Soli began his career in the Nigerien civil service. A severe visual impairment did not prevent him from being present in public through numerous lectures and publications as a writer. He became Minister of Justice in 1987, during the Second Republic under President Ali Saïbou. Soli then became Attorney General of the Supreme Court. Soli is known for his achievements as a public prosecutor against the prominent French lawyer Jacques Vergès, whom President Mahamane Ousmane had hired to challenge the legality of the special constituencies in the 1995 parliamentary elections before the Supreme Court.

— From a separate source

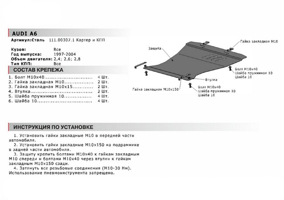 | Комплектность | защита - 1 шт., комплект крепежа, инструкция по установке, упаковка |

Soli retired as Attorney General in 1998. His focus continued to speak out publicly on legal and political issues, including opposing President Mamadou Tandja's attempt to win a third term in 2009, which was not provided for by the constitution. After Tandja's overthrow, he served as Vice President of the Transitional Constitutional Court in 2010.

Soli died in 2016 in a fire in his apartment in Niamey. Niger's first school for the blind and visually impaired, founded in 1979, was named after him.

== Works ==

- The tax god: play in three acts. 1973
- Twelve Short Stories from Niger. 1988
- The pilgrim's path

== Literature ==

- "Littérature du Niger. Rencontre" (2010)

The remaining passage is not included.